The frequency and intensity of a light source are both doubled. Consider the following statements
A. The saturation photocurrent remains almost the same
B. The maximum kinetic energy of the photoelectrons is double

To solve the problem, we need to analyze the two statements given in the question regarding the effects of doubling the frequency and intensity of a light source on the saturation photocurrent and the maximum kinetic energy of photoelectrons. ### Step-by-Step Solution: 1. **Understanding Photocurrent**: - The saturation photocurrent is directly related to the number of photoelectrons emitted when light strikes a material. It is determined by the number of incident photons that have enough energy to eject electrons. 2. **Doubling Intensity and Frequency**: - When the intensity of the light is doubled, it means that the energy per unit area per unit time is increased. However, this does not necessarily mean that the number of photons is doubled; instead, the energy of each photon is increased. - When the frequency is doubled, the energy of each photon (given by \(E = h \nu\)) also doubles.

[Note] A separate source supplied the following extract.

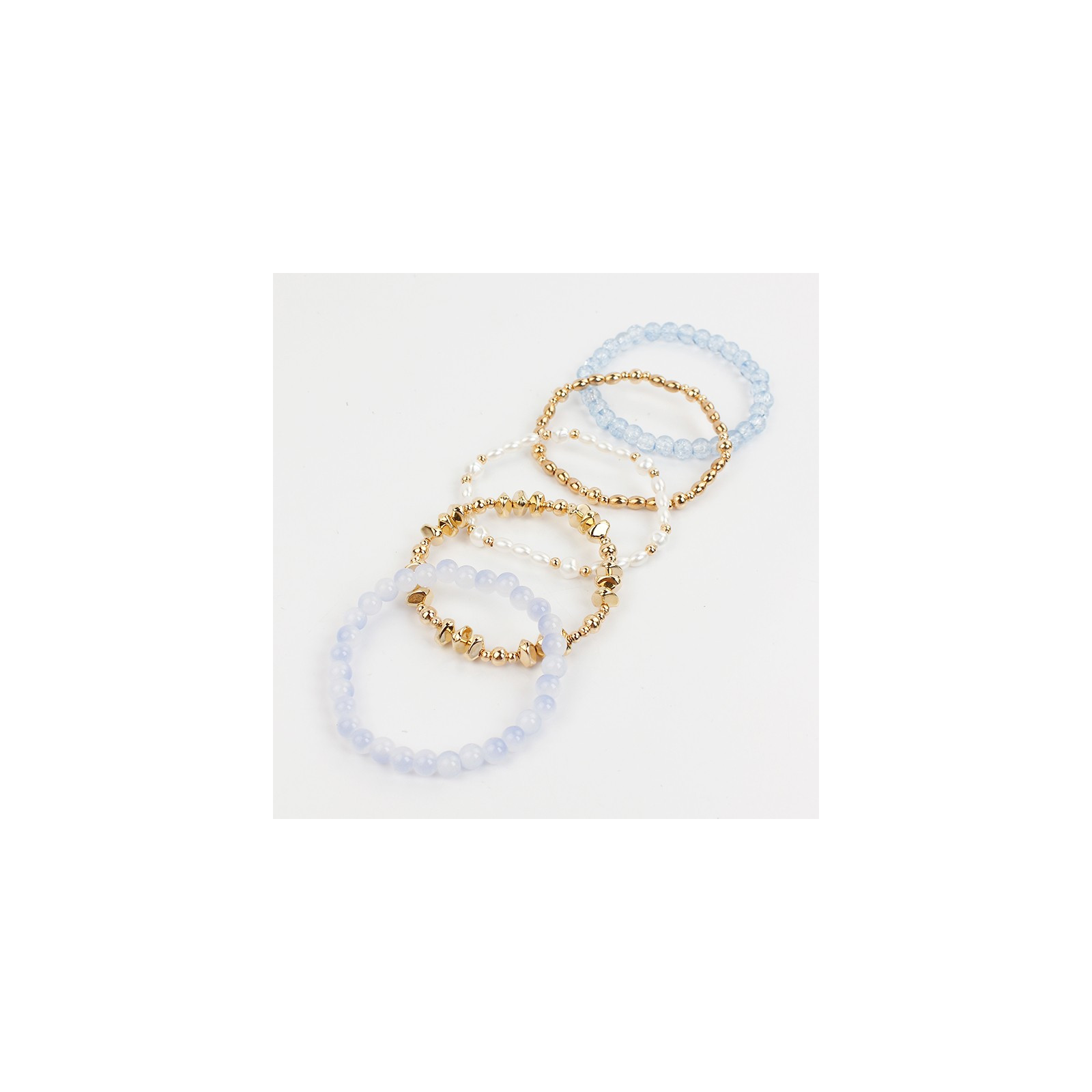 Set de cinco pulseras elásticas de bolitas de vidrio diferenciadas, combinadas con pulseras de perlas, y piezas orgánicas de CCB dorado.

Thus, while the energy per photon increases, the number of photons emitted may remain constant if the saturation photocurrent is to remain the same. 3. **Analyzing Statement A**: - Since the number of photons (which contributes to the saturation photocurrent) does not change when we double the frequency (only the energy of each photon changes), the saturation photocurrent remains almost the same. Therefore, **Statement A is true**. 4. **Analyzing Statement B**: - The maximum kinetic energy of the photoelectrons is given by the photoelectric equation: \[ KE_{max} = h \nu - \phi \] - If we double the frequency, we have: \[ KE'_{max} = h (2\nu) - \phi = 2h \nu - \phi \] - This can be rewritten as: \[ KE'_{max} = 2(h \nu) - \phi \] - The original kinetic energy was \(KE_{max} = h \nu - \phi\). Thus, the new kinetic energy is not simply double the original kinetic energy; it is increased by an additional amount equal to the original kinetic energy minus the work function. Therefore, **Statement B is false**. 5. **Conclusion**: - Based on the analysis, we conclude that **Statement A is true** and **Statement B is false**. ### Final Answer: - A is true but B is false.